◆ TRY IT
An exact transcription of the entries is required, with none of the pictures carried over.

== Segment start ==

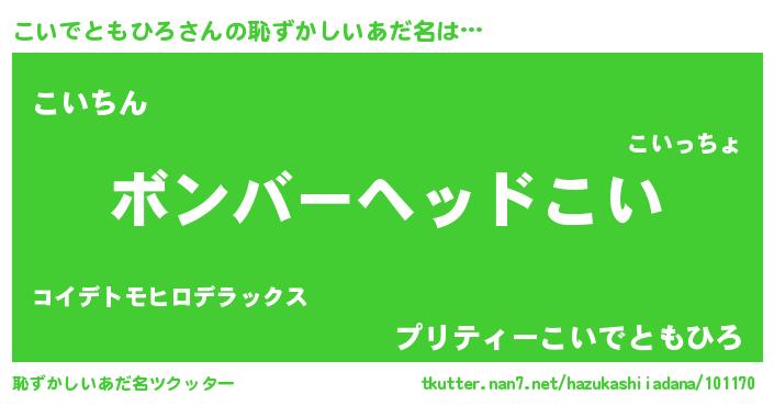 | 可愛いあだ名 | 『こいちゅっちゅ』『こいでともひろママ』 |
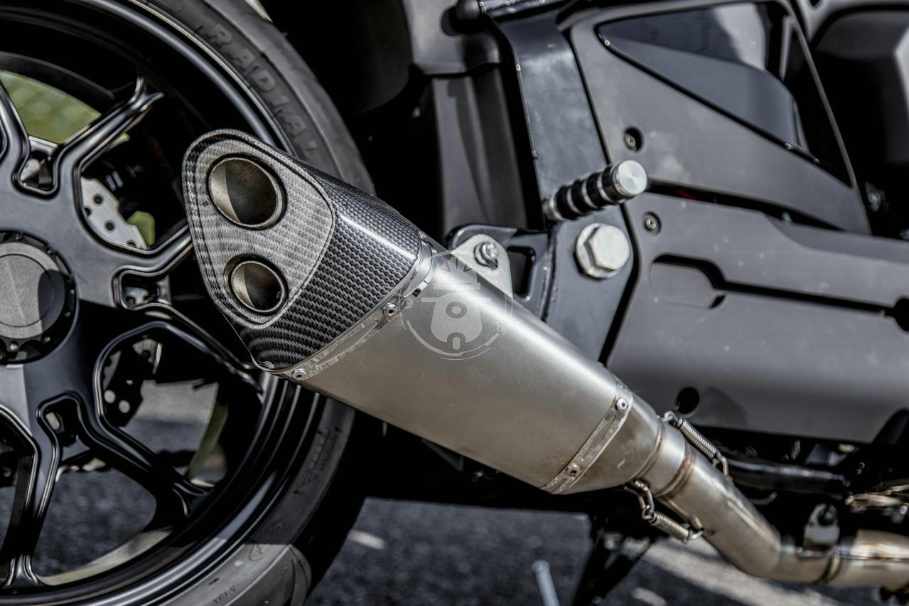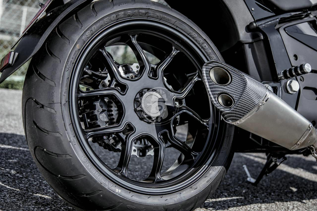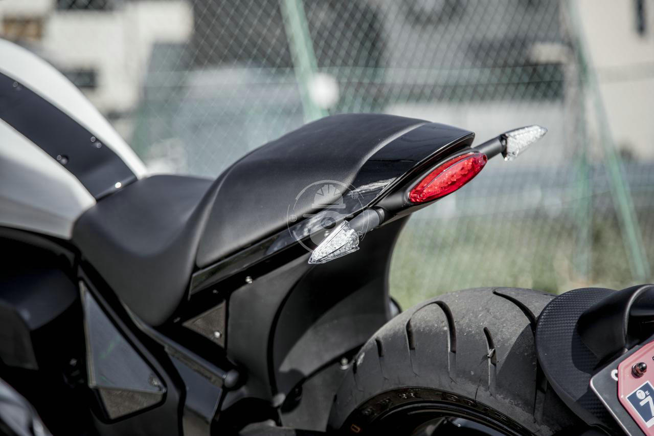 190 / 50-17尺寸的大后輪胎是正新的ADRENO子午線輪胎,如你所見它使用鋁制單搖臂形式的后叉,后輪轂的設計也十分帶感,排氣管的位置也充分凸顯出單搖臂的美感。
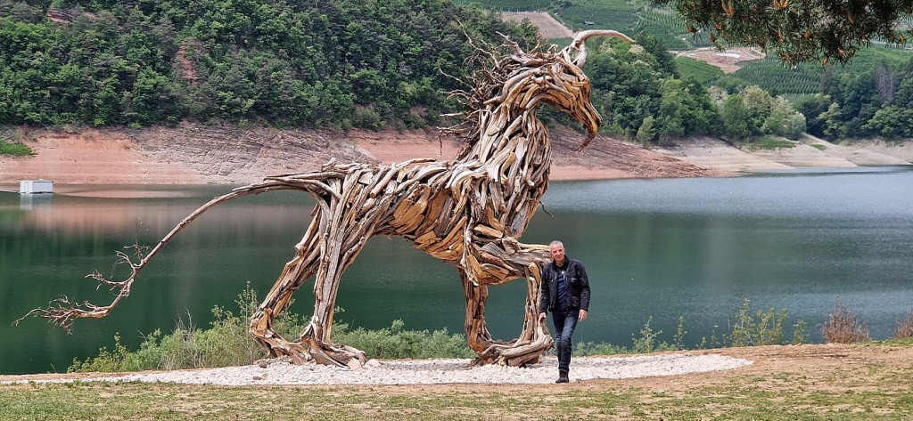 Der Holzbildhauer hat Wurzeln und Holz in Ufernähe gesammelt und daraus dann dieses Werk geschaffen. Einfach wunderbar mit einer Betonung auf „Wunder“. 7 Meter lang und 5 m hoch ist die Skulptur und somit eines Sauriers durchaus würdig.
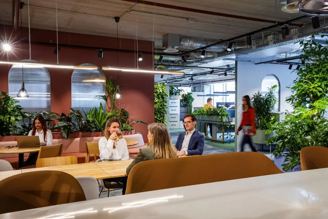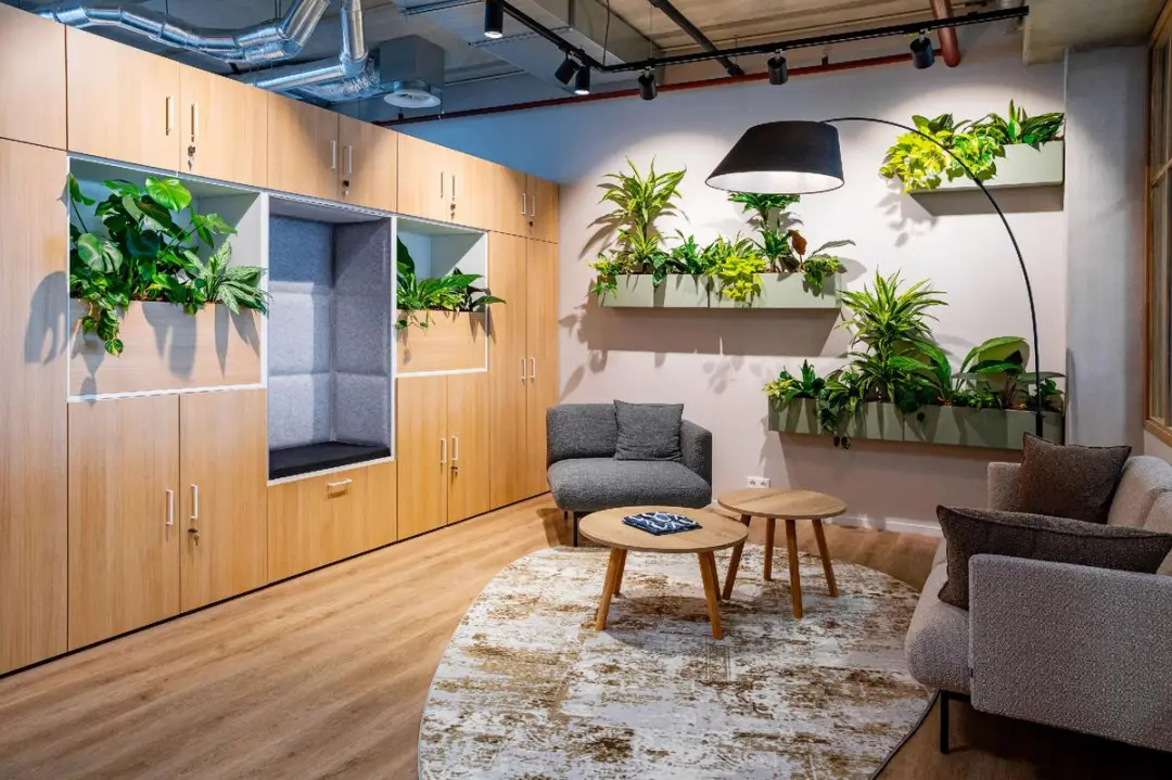 Be-Max是Bejot和Mikomax品牌在荷兰商务市场的独家进口商,为开放式办公环境提供高端解决方案,展厅设计也以此为起点。展厅遵循“亲生物设计”理念,通过植物、光影、水景与有机形态等自然元素,将办公空间转化为健康高效的工作场域。设计团队将空间划分为多个功能区域,每个区域都有独特定位、色彩搭配、材质运用及专属命名,呼应自然景观与生态过程。
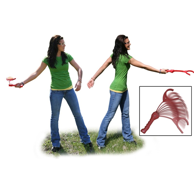 - Handheld clay target thrower with (patent pending) Power Pivot Arm, with ergonomic palm swell and comfort grip finger grooves
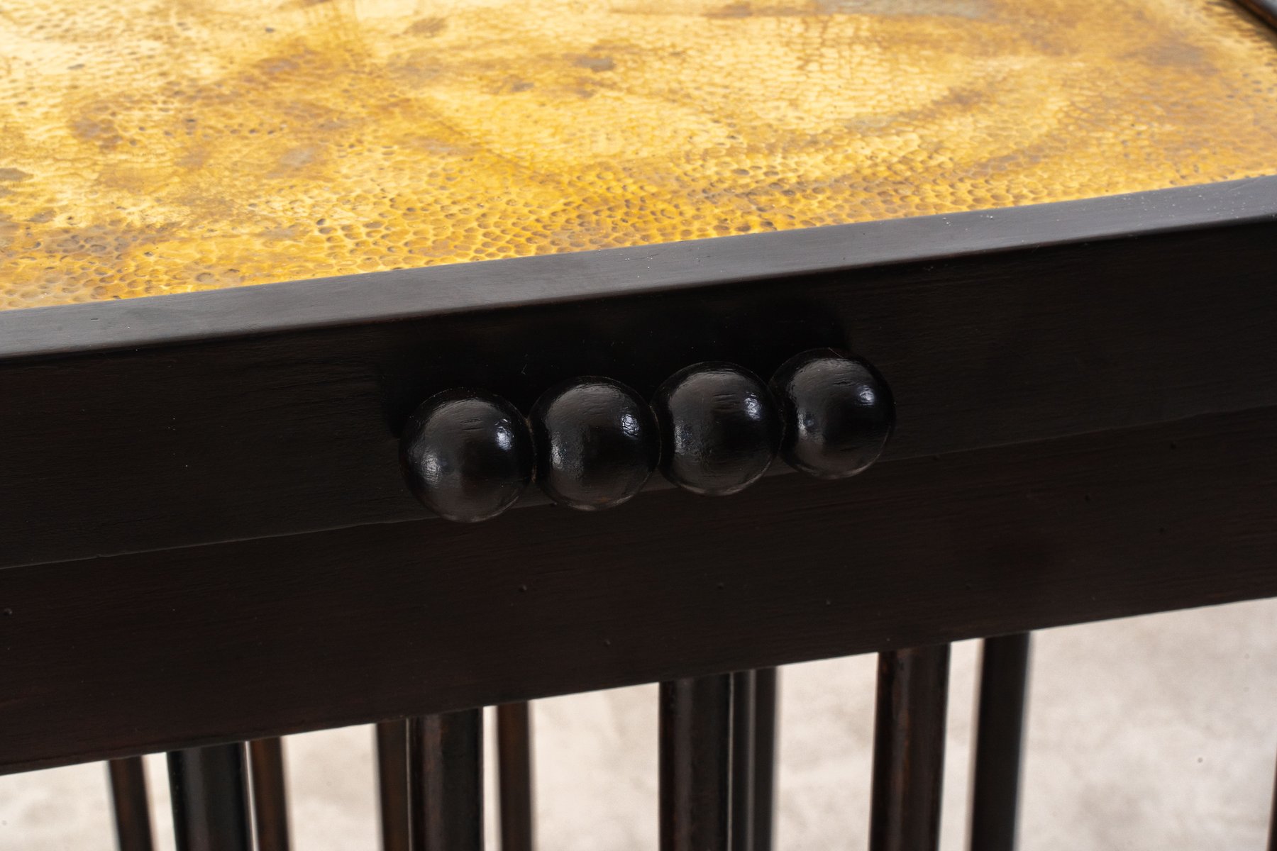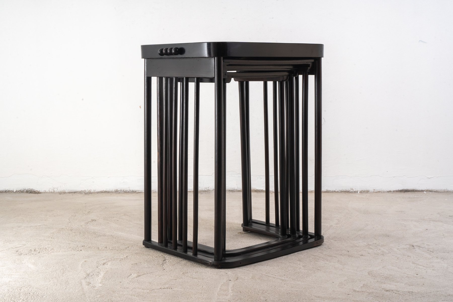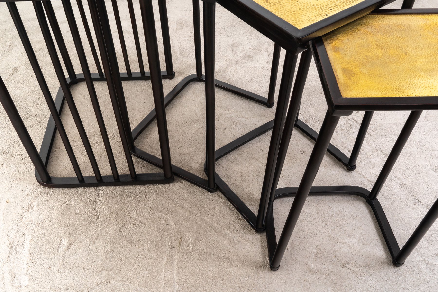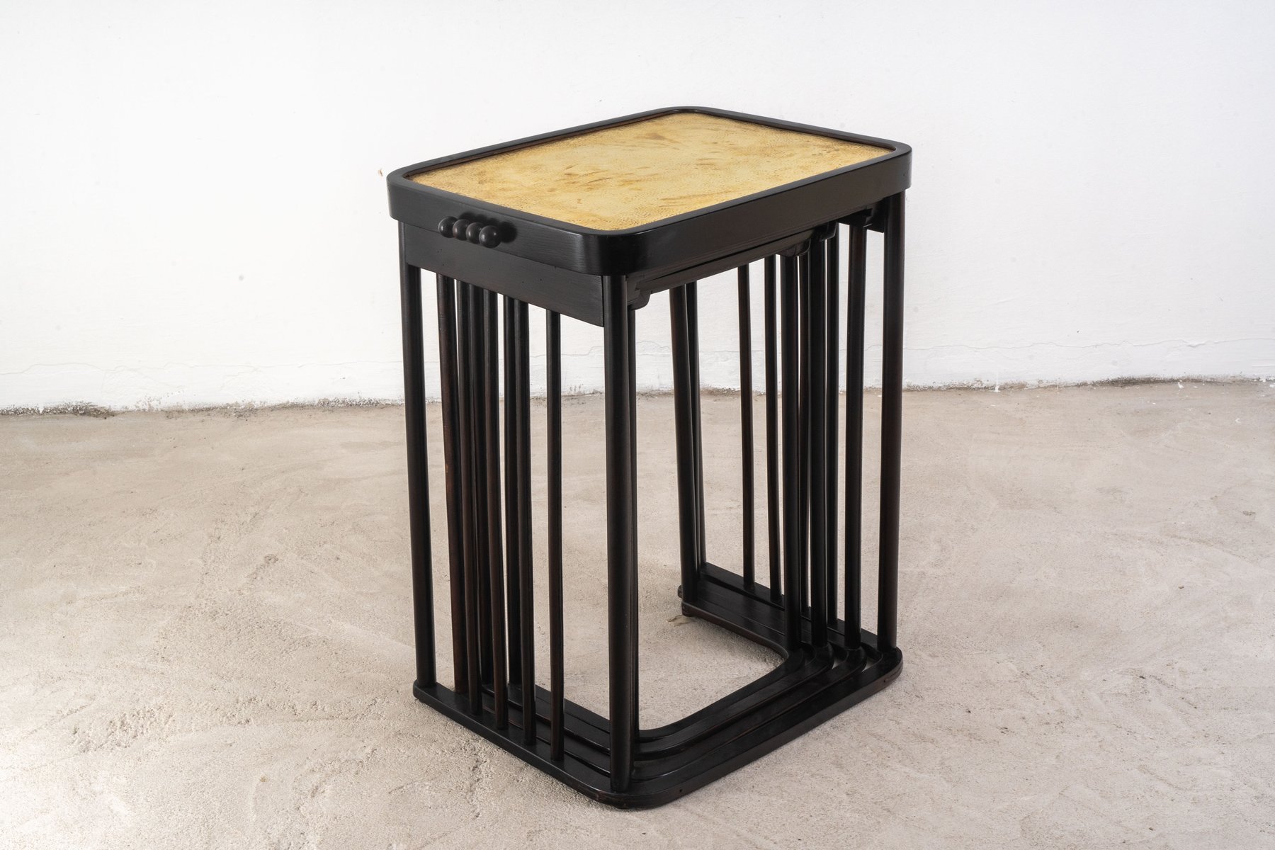 This exquisite set of nesting tables, designed by the renowned Josef Hoffmann and produced by Jacob & Josef Kohn in Vienna around 1905/06, is a testament to the Art Nouveau movement. Crafted from beech wood and featuring inlaid hammered brass tops, these tables are particularly rare with brass tops on all pieces. The smallest table bears a paper label marked "JACOB & JOSEF KOHN," affirming its authenticity. In excellent condition, these tables show minimal signs of wear. Referenced in several significant works, including the J. & J. Kohn factory catalogues of 1906 and 1916, G. Renzi's "Il mobile moderno, Gebrüder Thonet Wien, Jacob & Josef Kohn" (Milan 2008), "Gebogenes Holz. Konstruktive Entwürfe Wien 1840–1910" (Vienna 1979), and D. Baroni and A. d’Auria's "Josef Hoffmann e la Wiener Werkstätte" (Milan 1981), these tables stand as a noteworthy example of Jugendstil design. with dimensions of 75 cm in height, 62 cm in width, and 45 cm in depth, they represent a rare and valuable find for collectors and connoisseurs of early 20th-century furniture.
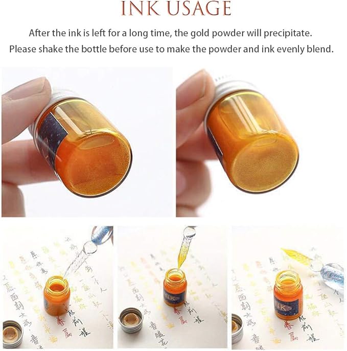 - 14 VIBRANT COLORS INK: 14x7ml colors of ink contain gold powder enable your creation more incredible. If you are looking for an ink which is shimmering, highly reflective colors that are lightfast, archival, and permanent, works for illustration, calligraphy pens, dip pens, this ink set would be your best choice. Shake the ink bottle well before use.
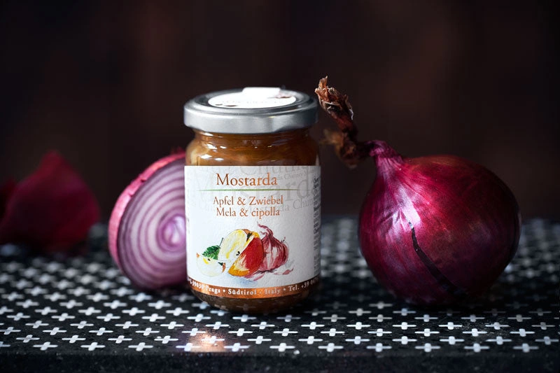 Questa mostarda di frutta a base di mele mature raccolte a mano, un po’ di zucchero, cipolla tritata, una spruzzata di aceto di vino, aglio, pepe, e un pizzico di cannella e anice stallato è ottima servita con formaggio di montagna o pecorino ben stagionato e carni lesse.
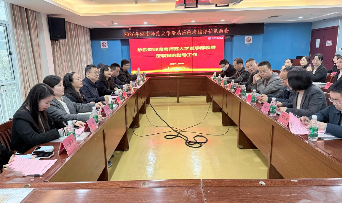 3 月 26 日,医学部考核评估组一行前往湖南师范大学附属岳阳医院(岳阳市人民医院),开展 2025 年度教学科研全面考核评估。本次评估由医学部党工委书记、主任祝益民带队,医院管理处副处长何平平担任组长,岳阳市人民医院党委书记许文杰、院长周仁辉等医院主要领导及相关职能部门负责人、各教研室主任全程参与,双方围绕教学管理、人才培养、学科建设等重点工作开展深入交流。考核评估会由何平平主持。
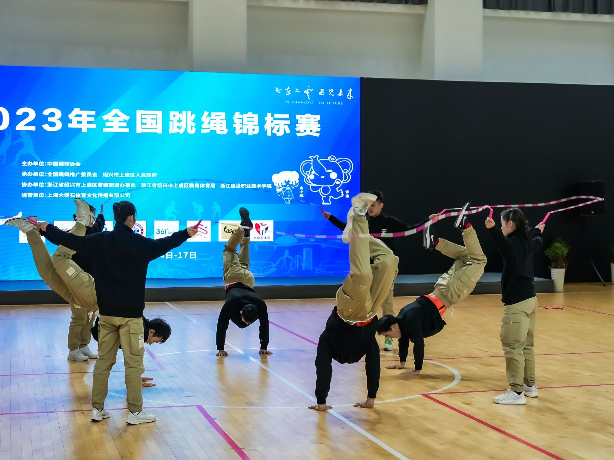 本网讯 12月14日-17日,2023年全国跳绳锦标赛在浙江建设职业技术学院(上虞校区)举办。红足一1世花样跳绳队10名队员在领队体育教育学院党委书记王红英和教练韩耀刚的带领下,弘扬团结协作、顽强拼搏的体育精神,取得2金6银1铜的优异成绩。
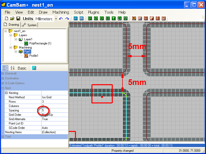 CamBam’s nesting provides a method to repeat a series of machining operations at different positions on the machine table. In this way, it is possible to produce multiple copies of a workpiece from a single drawing and one set of machining operations.
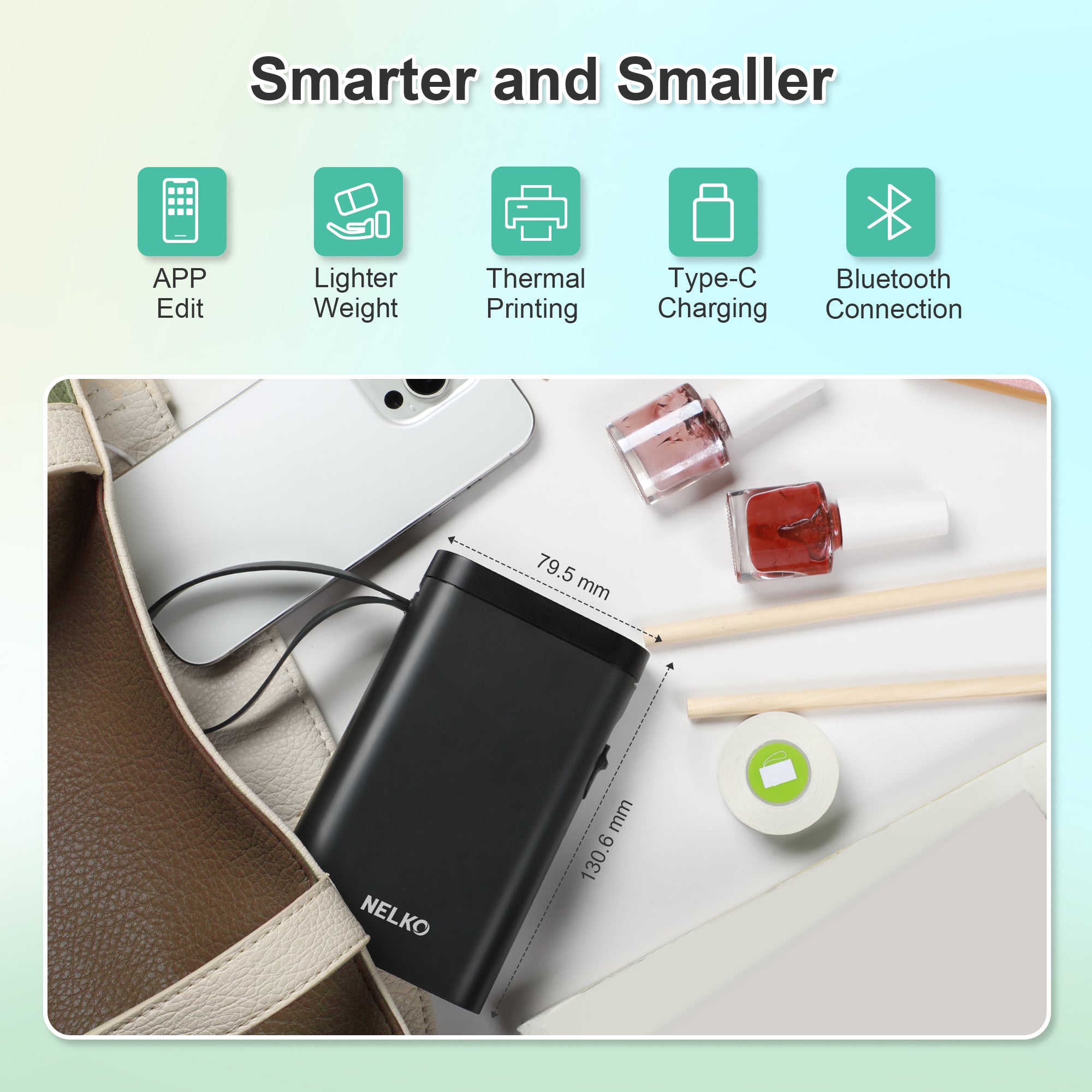 - ✅【2023 New Version】Compared with the traditional label makers, half weight and size of the traditional label maker, smaller, smarter and convenient for users to carry. Wireless bluetooth label maker can slip into your pocket, allow printing anytime, anywhere. We recommend using our NELKO thermal label paper for better printing quality.
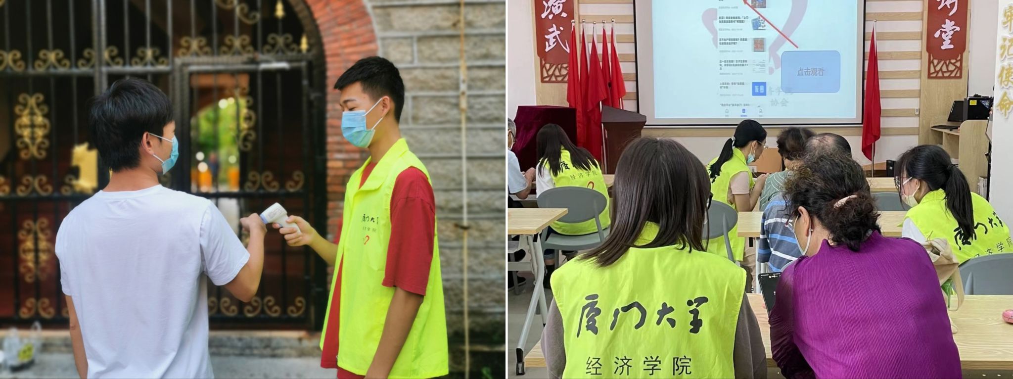 回应社会关切,勇当社会服务的先锋。支部深入贯彻习近平总书记关于疫情防控工作的重要讲话和指示批示精神,在厦门疫情防控吃紧时期,紧急组织140名志愿者组建“先锋志愿突击队”,第一时间投入疫情防控工作。支部发起“老有所e”服务项目,帮助900余名老人使用智能手机,助力老人跨越数字鸿沟。

== Segment end ==

◆ ANSWER TO THE EXERCISE
 | 可愛いあだ名 | 『こいちゅっちゅ』『こいでともひろママ』 |
 190 / 50-17尺寸的大后輪胎是正新的ADRENO子午線輪胎,如你所見它使用鋁制單搖臂形式的后叉,后輪轂的設計也十分帶感,排氣管的位置也充分凸顯出單搖臂的美感。
 Der Holzbildhauer hat Wurzeln und Holz in Ufernähe gesammelt und daraus dann dieses Werk geschaffen. Einfach wunderbar mit einer Betonung auf „Wunder“. 7 Meter lang und 5 m hoch ist die Skulptur und somit eines Sauriers durchaus würdig.
 Be-Max是Bejot和Mikomax品牌在荷兰商务市场的独家进口商,为开放式办公环境提供高端解决方案,展厅设计也以此为起点。展厅遵循“亲生物设计”理念,通过植物、光影、水景与有机形态等自然元素,将办公空间转化为健康高效的工作场域。设计团队将空间划分为多个功能区域,每个区域都有独特定位、色彩搭配、材质运用及专属命名,呼应自然景观与生态过程。
 - Handheld clay target thrower with (patent pending) Power Pivot Arm, with ergonomic palm swell and comfort grip finger grooves
 This exquisite set of nesting tables, designed by the renowned Josef Hoffmann and produced by Jacob & Josef Kohn in Vienna around 1905/06, is a testament to the Art Nouveau movement. Crafted from beech wood and featuring inlaid hammered brass tops, these tables are particularly rare with brass tops on all pieces. The smallest table bears a paper label marked "JACOB & JOSEF KOHN," affirming its authenticity. In excellent condition, these tables show minimal signs of wear. Referenced in several significant works, including the J. & J. Kohn factory catalogues of 1906 and 1916, G. Renzi's "Il mobile moderno, Gebrüder Thonet Wien, Jacob & Josef Kohn" (Milan 2008), "Gebogenes Holz. Konstruktive Entwürfe Wien 1840–1910" (Vienna 1979), and D. Baroni and A. d’Auria's "Josef Hoffmann e la Wiener Werkstätte" (Milan 1981), these tables stand as a noteworthy example of Jugendstil design. with dimensions of 75 cm in height, 62 cm in width, and 45 cm in depth, they represent a rare and valuable find for collectors and connoisseurs of early 20th-century furniture.
 - 14 VIBRANT COLORS INK: 14x7ml colors of ink contain gold powder enable your creation more incredible. If you are looking for an ink which is shimmering, highly reflective colors that are lightfast, archival, and permanent, works for illustration, calligraphy pens, dip pens, this ink set would be your best choice. Shake the ink bottle well before use.
 Questa mostarda di frutta a base di mele mature raccolte a mano, un po’ di zucchero, cipolla tritata, una spruzzata di aceto di vino, aglio, pepe, e un pizzico di cannella e anice stallato è ottima servita con formaggio di montagna o pecorino ben stagionato e carni lesse.
 3 月 26 日,医学部考核评估组一行前往湖南师范大学附属岳阳医院(岳阳市人民医院),开展 2025 年度教学科研全面考核评估。本次评估由医学部党工委书记、主任祝益民带队,医院管理处副处长何平平担任组长,岳阳市人民医院党委书记许文杰、院长周仁辉等医院主要领导及相关职能部门负责人、各教研室主任全程参与,双方围绕教学管理、人才培养、学科建设等重点工作开展深入交流。考核评估会由何平平主持。
 本网讯 12月14日-17日,2023年全国跳绳锦标赛在浙江建设职业技术学院(上虞校区)举办。红足一1世花样跳绳队10名队员在领队体育教育学院党委书记王红英和教练韩耀刚的带领下,弘扬团结协作、顽强拼搏的体育精神,取得2金6银1铜的优异成绩。
 CamBam’s nesting provides a method to repeat a series of machining operations at different positions on the machine table. In this way, it is possible to produce multiple copies of a workpiece from a single drawing and one set of machining operations.
 - ✅【2023 New Version】Compared with the traditional label makers, half weight and size of the traditional label maker, smaller, smarter and convenient for users to carry. Wireless bluetooth label maker can slip into your pocket, allow printing anytime, anywhere. We recommend using our NELKO thermal label paper for better printing quality.
 回应社会关切,勇当社会服务的先锋。支部深入贯彻习近平总书记关于疫情防控工作的重要讲话和指示批示精神,在厦门疫情防控吃紧时期,紧急组织140名志愿者组建“先锋志愿突击队”,第一时间投入疫情防控工作。支部发起“老有所e”服务项目,帮助900余名老人使用智能手机,助力老人跨越数字鸿沟。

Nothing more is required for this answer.